Orphazyme A/S, a Danish late-stage biotech developing protein therapies for rare neurodegenerative diseases, raised $84 million by offering 7.6 million ADS equivalents at $11, below the as-converted last close of its shares on the Nasdaq Copenhagen (ORPHA). At pricing, the company raised 16% less in proceeds than anticipated. The Copenhagen-based company is developing heat shock proteins to develop novel therapies for neurodegenerative orphan diseases. The company submitted an NDA for product candidate arimoclomol with the FDA for Niemann-Pick disease Type C (NPC) in July 2020, and it plans to submit a marketing authorization application to the EMA in the 2H20. In its Phase 2/3 trial of arimoclomol in NPC, the company observed evidence of slowing of disease progression. Orphazyme was founded in 2009 and lists on the Nasdaq under the symbol “ORPH.” BofA Securities, Cowen and Guggenheim Securities were the joint bookrunners on the deal. Shares closed the week off 2% at $10.81.
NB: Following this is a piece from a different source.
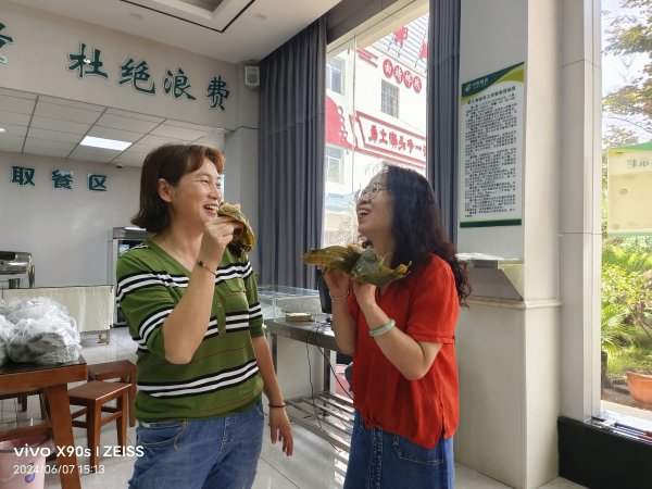 活動中,職工們踴躍參加,積極學習如何包粽子。大家拿著粽葉,舀著糯米、用宣威火腿、豆沙、大棗開始學習,食堂師傅耐心地向職工們講解如何包粽子并做示范,大家包粽子的速度越來越快,三角形、五角形、長條形,各種形狀的粽子在他們手中誕生,一雙雙靈巧的手指把自己對生活的熱愛全都包進了甜甜的粽子里。濃濃的節日氣氛拉近了職工之間的距離,大家開心地笑著說道“自己包的粽子就是好吃,我還要多吃幾個”。

C4 Therapeutics Inc., a preclinical biotech developing small molecule protein degraders to treat cancer, priced 9.6 million shares at $19 million apiece, netting $182.4 million. The proceeds will be used to push the company’s first protein degradation candidates into the clinic, according to an S-1/A filing. The Watertown, MA-based company had planned to raise $150 million by offering 8.8 million shares at a price range of $16 to $18. C4 has four preclinical programs for its small molecule protein degraders. The company expects to submit an IND for its lead candidate in the fourth quarter of 2020 and begin a first-in-human Phase 1/2 clinical trial in the first half of 2021. C4 Therapeutics was founded in 2015 and lists on the Nasdaq under the symbol “CCCC.” Jefferies, Evercore ISI, BMO Capital Markets and UBS Investment Bank acted as the joint bookrunners on the deal. Shares closed the week up 34% at $25.49.
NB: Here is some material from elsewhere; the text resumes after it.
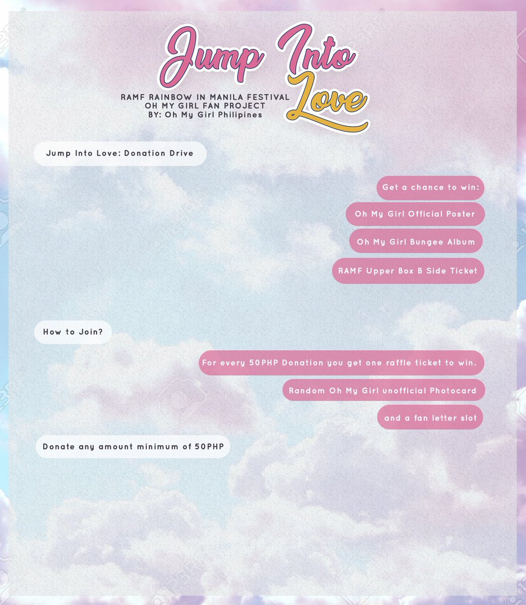 OhMyGirl Philippines on Twitter: “[] Oh My Girl Philippines officially open ‘JUMP INTO LOVE’ Fan Project and Donation Drive Donate and have a chance to win an official poster, album and RAMF

And Oncorus Inc., a Phase 1 biotech developing oncolytic virus therapies for solid tumors, raised $87 million by offering 5.8 million shares at $15, within the range of $14 to $16. The company’s pipeline contains lead candidate ONCR-177, an intratumorally administered viral immunotherapy based on its oncolytic HSV-1 platform. Oncorus has initiated and begun dosing patients in a Phase 1 trial of ONCR-177 for solid tumors, including breast cancers and cutaneous tumors, with preliminary data expected from the 2H21 through the 2H22. Oncorus was founded in 2015 and lists on the Nasdaq under the symbol “ONCR.” Jefferies, Evercore ISI and Piper Sandler are the joint bookrunners on the deal. Shares closed the week up 7% at $16.